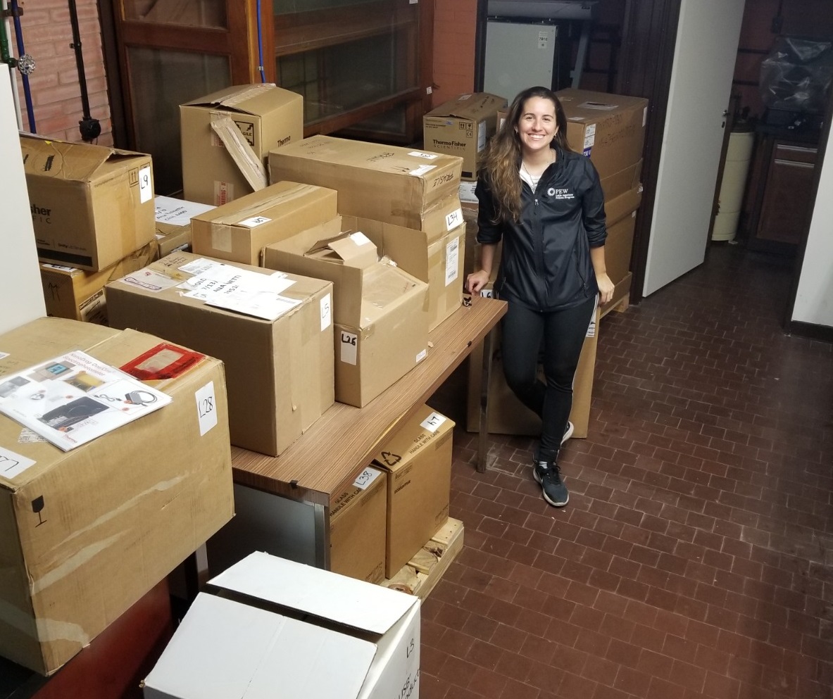 Ana en 2020, recién llegada al país, rodeada con las cajas sin desarmar que darían forma a su nuevo laboratorio del INIQUIMAE.
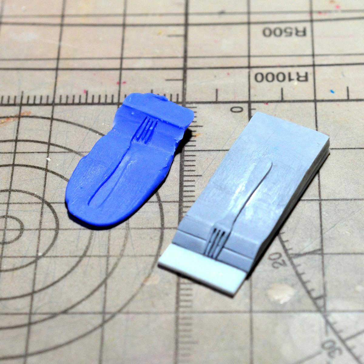 フォークは先端の爪の部分が細すぎて原型だけを奇麗に作るというのは不可能なので、台と一体のものを原型にすることにしました。
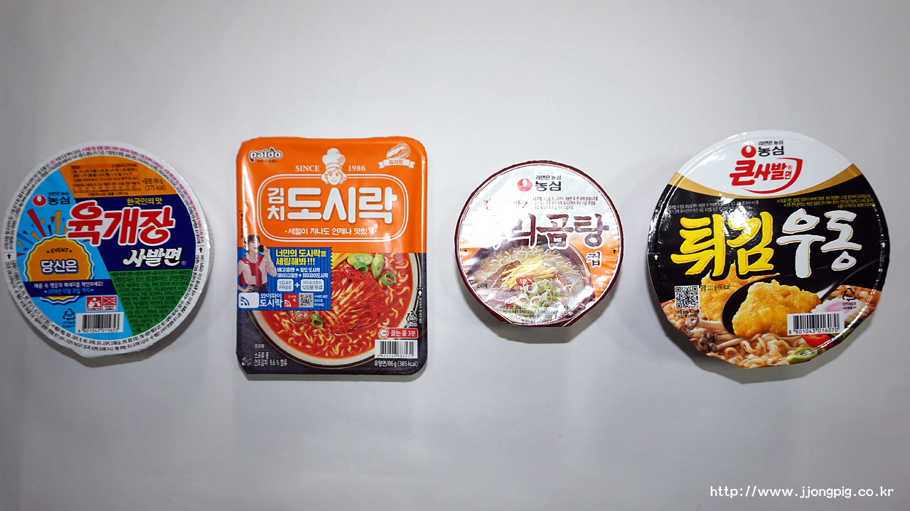 조그만 전기포트를 챙겨가는 편이다. 그리고 컵라면의 경우 용기 안에 면이 들어가 있고, 스프 1봉이 첨가된 경우가 일반적이다.
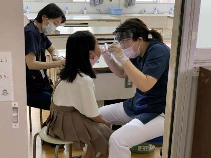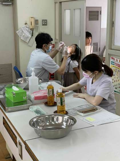 子どもたちは事前に、「なぜ歯科検診を行うのか」や「歯科検診の受け方」を予習してから受診しました。こわがる子もなく、みんなとても良い態度でした。
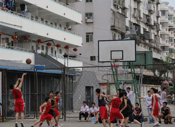 6月6日,广西华南烹饪学校夏季篮球比赛总决赛在校园篮球场进行,经过一系列赛的选拔,比赛双方为金牌1班与金牌4班,本届比赛冠军将在他们之间产生。

● **About this exercise**
Omit the pictures and set down the records exactly.

● **Response to the task**
 Ana en 2020, recién llegada al país, rodeada con las cajas sin desarmar que darían forma a su nuevo laboratorio del INIQUIMAE.
 フォークは先端の爪の部分が細すぎて原型だけを奇麗に作るというのは不可能なので、台と一体のものを原型にすることにしました。
 조그만 전기포트를 챙겨가는 편이다. 그리고 컵라면의 경우 용기 안에 면이 들어가 있고, 스프 1봉이 첨가된 경우가 일반적이다.
 子どもたちは事前に、「なぜ歯科検診を行うのか」や「歯科検診の受け方」を予習してから受診しました。こわがる子もなく、みんなとても良い態度でした。
 6月6日,广西华南烹饪学校夏季篮球比赛总决赛在校园篮球场进行,经过一系列赛的选拔,比赛双方为金牌1班与金牌4班,本届比赛冠军将在他们之间产生。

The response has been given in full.